La journaliste libanaise Dima Sadek. Photo D.R.

Un dignitaire chiite évoque la « crucifixion » et « l’amputation » de Dima Sadek

OLJ 08/12/2019

 

 

 

 

La journaliste libanaise Dima Sadek, qui fait désormais l’objet d’une campagne de cyber-harcèlement et qui subit de nombreuses menaces de la part des partisans du Hezbollah et du mouvement Amal, surtout depuis le depuis le début de la révolte populaire du 17 octobre, a dénoncé samedi une « incitation au meurtre », suite aux propos tenus par un dignitaire chiite, qui avait évoqué sa « crucifixion » et son « amputation en vertu de la charia », provoquant une nouvelle polémique.

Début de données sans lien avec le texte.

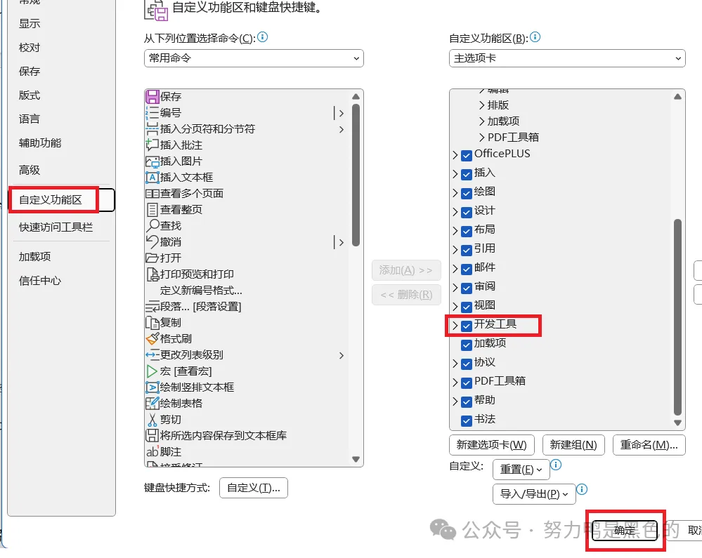 那有的小伙伴就说了,我的Word文档工具栏里没有“开发工具”,也不需要担心,只需要点击【文件】顺次选择【更多...】 【选项】,在打开的选项界面,选中【自定义功能区】,找到【开发工具】,打勾后选择确定即可2.2 代码实现

Tout commence le 25 novembre au soir, lorsque la journaliste, qui était présente lors d’une manifestation contre le pouvoir sur la voie-express du Ring à Beyrouth, se fait voler son portable, devant les caméras en direct, par un homme vraisemblablement partisan du Hezbollah ou d’Amal, que la journaliste critique régulièrement.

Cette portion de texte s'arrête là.